One of the reasons I love urban fantasy is the unique twist that each author employs to build a believable world where supernatural creatures exist in tandem with humans. Davis’s take is that, in our world today, there could be communities filled with supernatural beings unbeknownst to the humans residing there. The only people who “need to know” are certain public servants and the occasional spouse. Dean lived his entire life completely unaware of the existence of Unusuals until he was assigned to treat them.

Davis created an awesome opportunity to highlight how a population other than the majority can be marginalized by systems that do not understand them. In fact, one of Dean’s major hurdles to doing his job well at Station U is his tendency to get caught up in figuring out what each Unusual he encounters on a call actually is instead of figuring out how to help them. Is it necessary to know that the man with the terrible allergic reaction to body glitter is a vampire to know how to treat him? Or that the severely dehydrated woman is a water nymph? Not particularly. You probably want to be aware that the man with the dangerously low blood sugar is a werewolf who often loses his control when his blood glucose drops, but it isn’t necessary to know that you treat the low blood sugar by getting him to consume carbohydrates or by starting him on dextrose.

Dean struggles to see beyond the differences between himself and his patients, despite the fact that his mentor and every other co-worker at Station U stresses the similarities.

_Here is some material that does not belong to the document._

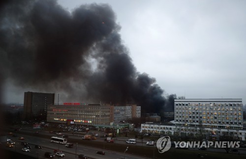A huge cloud of black smoke raises from a burning warehouse in the southern outskirts of Moscow, Russia, 13 December 2019. The flames have spread over some 7,000 square meters of the textile warehouse, authorities said, while two helicopters are helping to fight the blaze. There were no immediate reports of any casualties, but one firefighter was injured and 25 ambulance cars and a special air testing vehicle wre at the site, media reported. EPA/MAXIM SHIPENKOV

It’s one of his more annoying traits. The book is entirely from Dean’s perspective, so it doesn’t portray him as problematic, but it does seem to encourage taking the time to learn about something new before passing judgment.

Speaking of annoying things! Let’s talk about the writing for a minute. It was glaringly obvious from the prologue that Davis has worked in the medical field – the author bio at the end said he’s a “nationally recognized medical educator.” The medical terminology and treatment is accurate throughout the book – that’s not what irks me. The annoyance can be divided into a couple of different parts: 

1) The narration is needlessly technical throughout the book. This is a simple example, but why do you continuously call it blood glucose when colloquially it could be referred to as blood sugar? Honestly, that wouldn’t have bothered me if Davis hadn’t used “blood glucose” several times in the same paragraph. That’s the beauty of language: You. Can. Change. It. Up.

2) It gets irritatingly repetitive. I get that every time a paramedic arrives at a call, they go through the same steps to prepare to treat a person. BUT YOU DON’T HAVE TO WALK ME THROUGH IT IN DETAIL EVERY SINGLE TIME. That is aside from the redundant nature of stating the exact same technical language and phrasing over and over again. There are unique interactions with the Unusuals, but very little fun.

3) It is pounded into Dean’s head (and thus, the reader’s) that, except for rare cases, every Unusual should be treated the same as a human. I would have appreciated more commentary on the differences, though. Make it interesting for the reader and show one of those rare cases! I got so very tired of reading Dean’s partner say, “How would you treat this if the patient was human? DO THAT!” I think partially because I was sick of Dean’s resistance to accepting this new information about the world he lives in. The guy is supposed to be in the medical field and science is all about change! Get. Over. It. Already!

By the end of this book, I had a hard time accepting the story as fantasy. Yes, there were supernatural characters kept secret from the humans. But the emphasis was overwhelmingly on the mundane similarities and I was just…bored. Plus, there was very little relationship-building that took place between the Dean and other characters of the book. The overarching plot seemed to be entirely focused on whether Dean would continue to work at Station U. Davis focused so hard on the technical aspects of Dean’s job that all the dude did was work, occasionally grab food at a diner, and sleep.

Anyway, Extreme Medical Services is the first in a series I will not be continuing to read further. Book one read too much like a book someone might recommend to a new EMT to give them an idea of what a job in their field will look like.